URS Division. For the first quarter of 2009, the URS Division reported revenues of $831.6 million and operating income of $63.5 million, compared to revenues of $819.2 million and operating income of $57.3 million for the corresponding period in 2008.
EG&G Division. For the first quarter of 2009, the EG&G Division reported revenues of $634.4 million and operating income of $35.9 million, compared to revenues of $549.2 million and operating income of $26.5 million for the corresponding period in 2008.
Washington Division. For the first quarter of 2009, the Washington Division reported revenues of $1.07 billion and operating income of $81.8 million, compared to revenues of $901.6 million and operating income of $48.2 million for the corresponding period in 2008.
Outlook for the Remainder of Fiscal 2009
URS reaffirmed its expectation that fiscal 2009 revenues will be between $9.5 and $10.0 billion, and that GAAP EPS will be between $2.80 to $2.95. This EPS range takes into consideration a number of variables, including the sale of our equity interest in MIBRAG, our unconsolidated German mining and power joint venture, which we expect to be completed in the second quarter of 2009.
The Company also reaffirmed its expectation that fully diluted weighted-average shares outstanding for 2009 will be approximately 81.8 million.
Commenting on the Company’s guidance for 2009, Mr.
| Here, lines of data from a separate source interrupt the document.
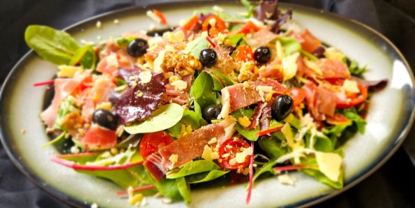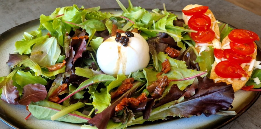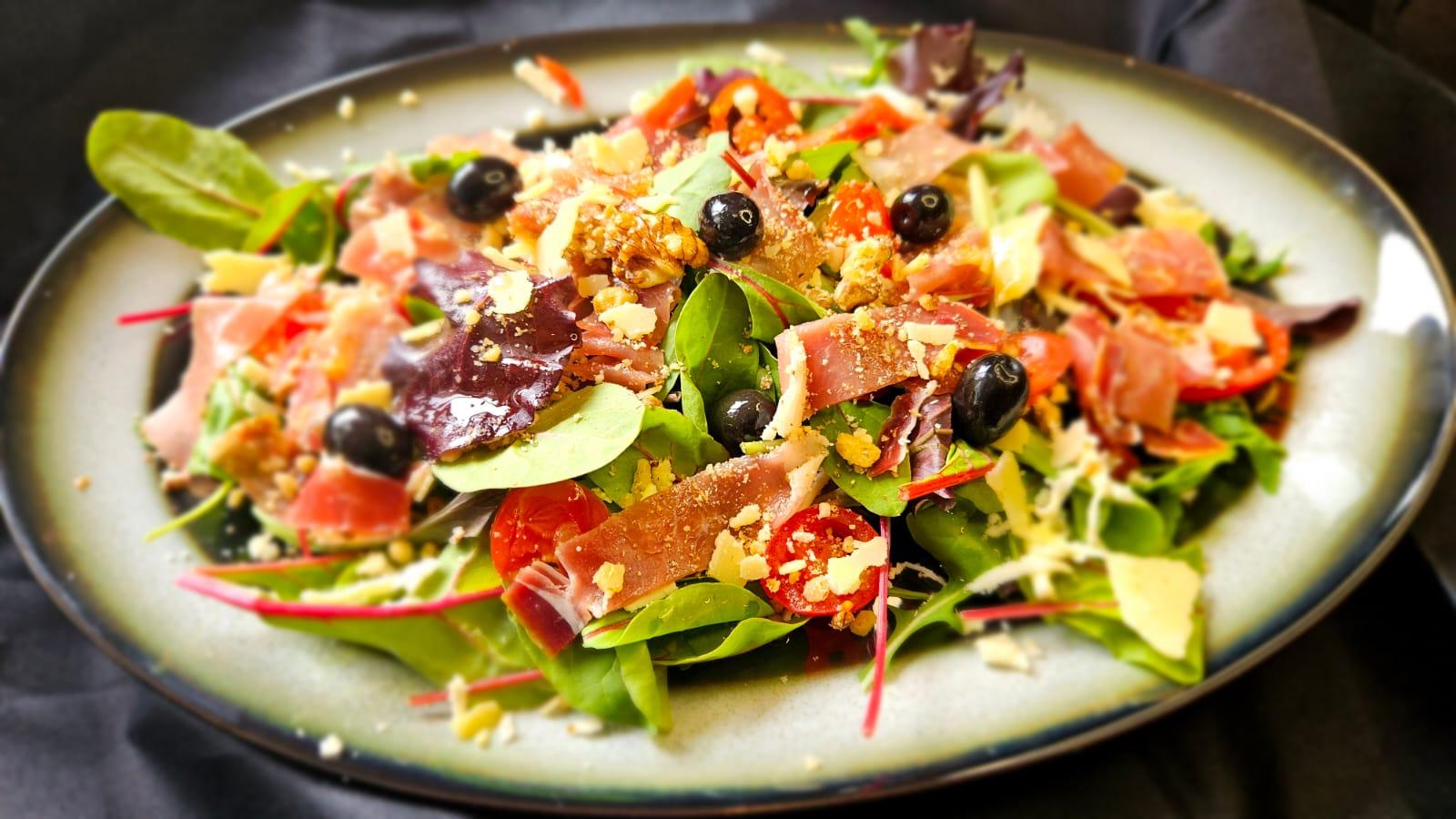 (mix sez. salata, mozzarella, orasi, grana padano, pršut, cherry rajčica)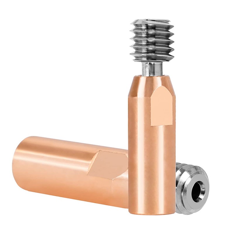 This product adopts Bimetallic throat branch design,the front end is made of titanium ,which has strong thermal barrier ability.The rear end is made of copper alloy material, .while copper is used to accelerate the heat conduction.Simultaneously higher hardness and wear resistance,The inside of the product is treated by a special process, and the inner wall is smooth and free of burrs; compared with ordinary throat tube, the resistance of printing retraction is reduced by 90%, and the printed product is more precise and delicate.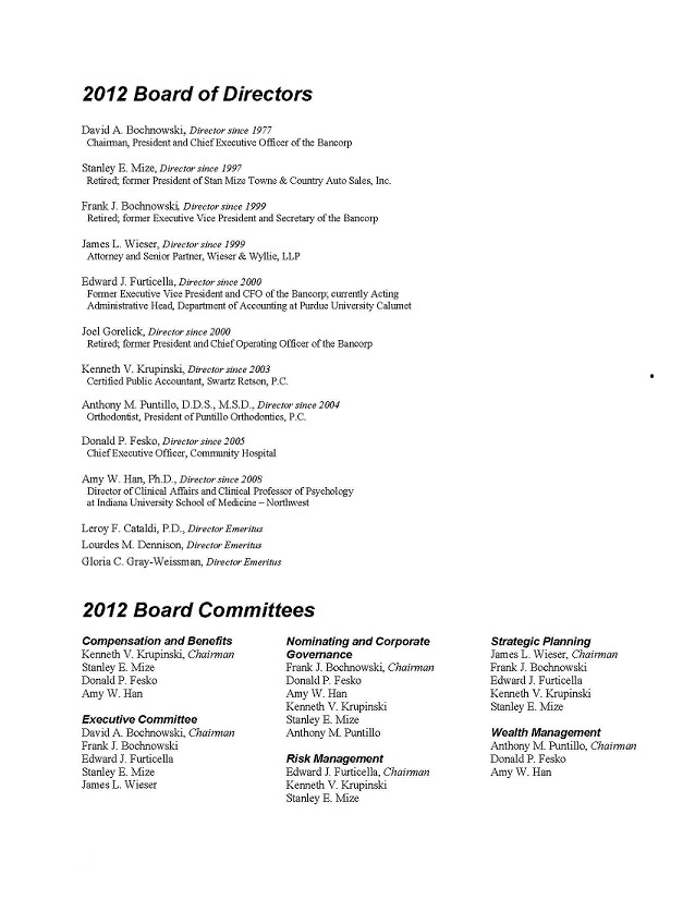 2012 will be remembered as a noteworthy year for banking as our economy recovers from the effects of the Great Recession. The outlook has brightened for Northwest Indiana as job losses stabilized with some jobs returning in the manufacturing sector, although not at the pace that would hasten the recovery. Other positive signs include an upswing in housing prices, the strengthening of exports, and consumer households shedding record high debt and returning to their lowest levels since 1993.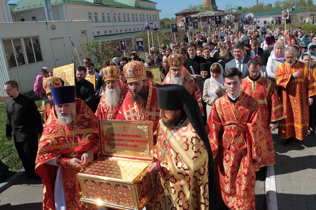После Божественной литургии состоялся крестный ход с ковчегом со святыми мощами новомучеников и исповедников Церкви Русской. Верующие пронесли по территории Старо-Голутвина монастыря специально изготовленные к этому дню хоругви с иконами и фотографиями сорока пяти коломенских новомучеников.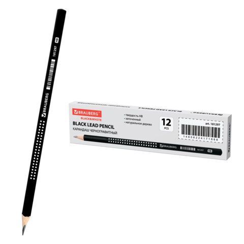 Карандаш ч/гр HB трехгранный, черный с рисунком, без резинки BRAUBERG Black&White 1/12/144 купить оптом и в розницу в Санкт-Петербурге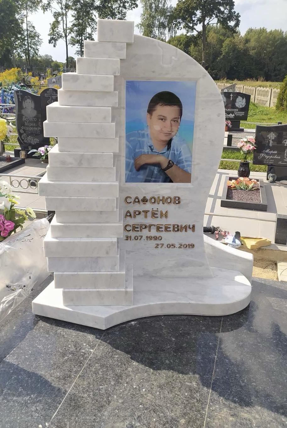 Одна из наших авторских работ — стильный и символичный памятник, выполненный из натурального белого мрамора Коелга. Этот российский камень отличается благородной светлой текстурой с естественными серыми прожилками и идеально подходит для создания выразительных и чистых мемориальных форм.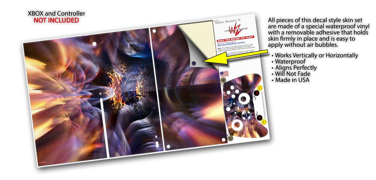 WraptorSkinz® skin wraps for the XBOX Series X gaming console and controller reelase November 2020 are printed using superb photo quality designs and vibrant colors printed with special fade resistant inks that last even in direct sun for years. WraptorSkinz are a composite of two layers of commercial grade materials. The bottom layer is a soft, flexible vinyl with a special removable adhesive that is easily positioned, applied without air bubbles. Next we print the bottom layer with UV protected, fade resistant inks that deliver superb photo quality designs in vibrant colors. Last, we bond a professional grade laminate over the entire skin adding a glossy protective finish. This product is not affiliated with or endorsed by Microsoft or the XBOX brand.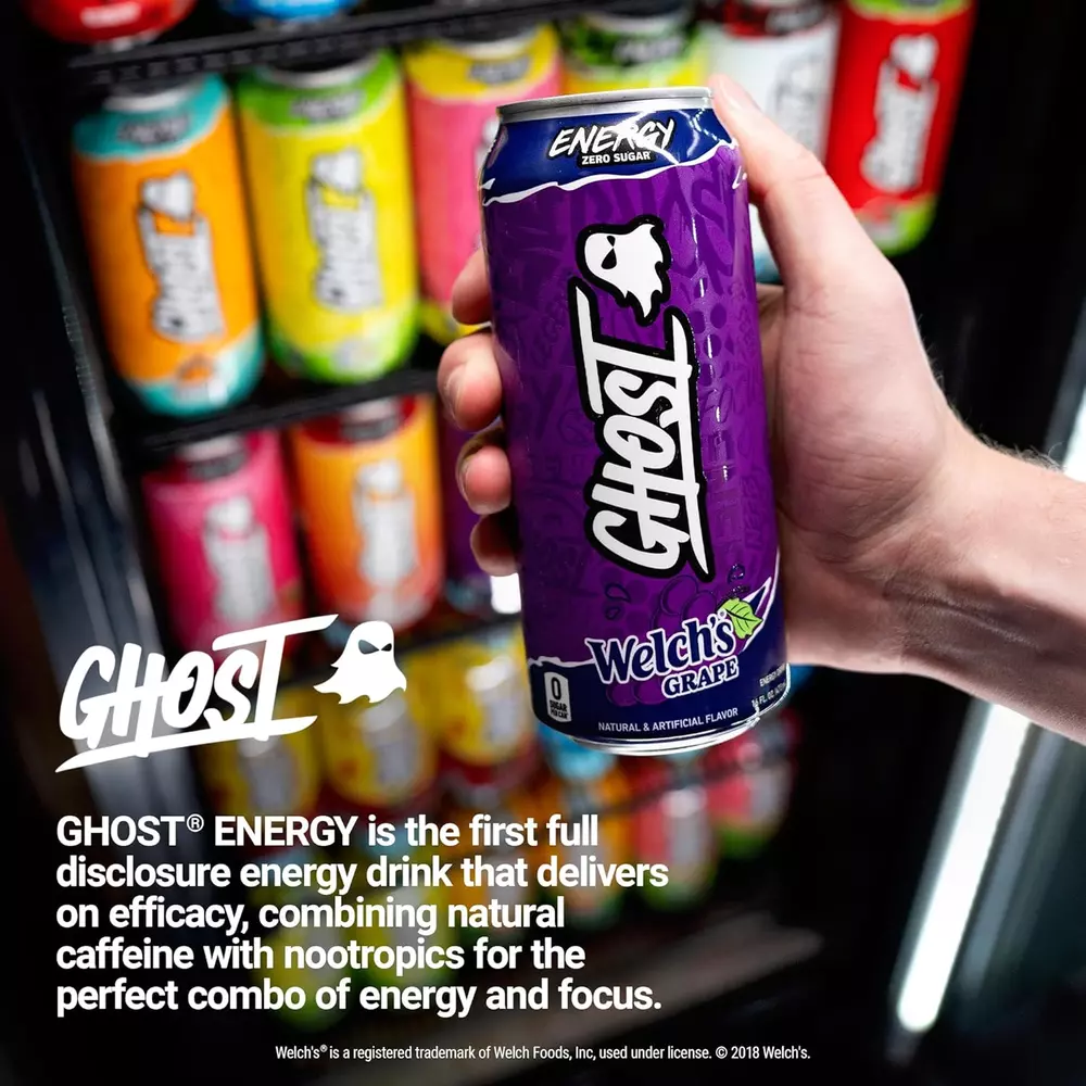 Feel-Good Energy: GHOST Energy is the fully transparent, fully loaded energy drink we’ve all been waiting for. No artificial colors. No BS. Authentic Welch's Grape flavor. 12-pack. Not intended for 18 and under. Legendary Energy: This drink contains 200mg of Natural Caffeine from coffee beans, which has been found anecdotally to deliver a smooth, feel-good energy with less jitters and no crash when compared to other forms of caffeine. Epic Focus: GHOST Energy combines the nootropics of Carnipure L-Carnitine, Alpha-GPC, Neurofactor, and AstraGin to help your body convert fatty acids into energy, support brain and cognitive function, and absorb a wide range of nutrients.* Total Transparency: All GHOST products feature a transparent label that fully discloses the dose of each active ingredient. Zero proprietary blends means you know what you’re getting in each and every sip. GHOST Energy is vegan-friendly and gluten-free. Perfect Energy and Focus Combo: GHOST Energy is a full disclosure energy drink that delivers on efficacy and the info to ensure you know exactly what you're getting in every can. Combining 200mg of natural caffeine with nootropics to deliver the perfect combo of energy and focus. Product Description

Koffel said: “Our strong first quarter results confirm our confidence in our guidance for the year. We note, however, that during the quarter we benefited from accelerated activity on certain large projects and from the timing of certain project-related fees and overhead cost reductions, many of which will not be repeated in subsequent quarters. We continue to focus on annual results as the appropriate way to evaluate our performance, due to the variability in our results from quarter to quarter.”
Webcast Information
URS will host a dial-in conference call on Thursday, May 14, 2009 at 11:00 a.m. (EDT) to discuss its first quarter fiscal 2009 results. A live webcast of this call will be available on the investor relations portion of URS’ website at http://investors.urscorp.com.
URS Corporation (NYSE: URS) is a leading provider of engineering, construction and technical services for public agencies and private sector companies around the world. The Company offers a full range of program management; planning, design and engineering; systems engineering and technical assistance; construction and construction management; operations and maintenance; and decommissioning and closure services. URS provides services for power, infrastructure, industrial and commercial, and federal projects and programs. Headquartered in San Francisco, the Company operates through three divisions: the URS Division, the EG&G Division and the Washington Division. URS Corporation has more than 50,000 employees in a network of offices in more than 30 countries (www.urscorp.com).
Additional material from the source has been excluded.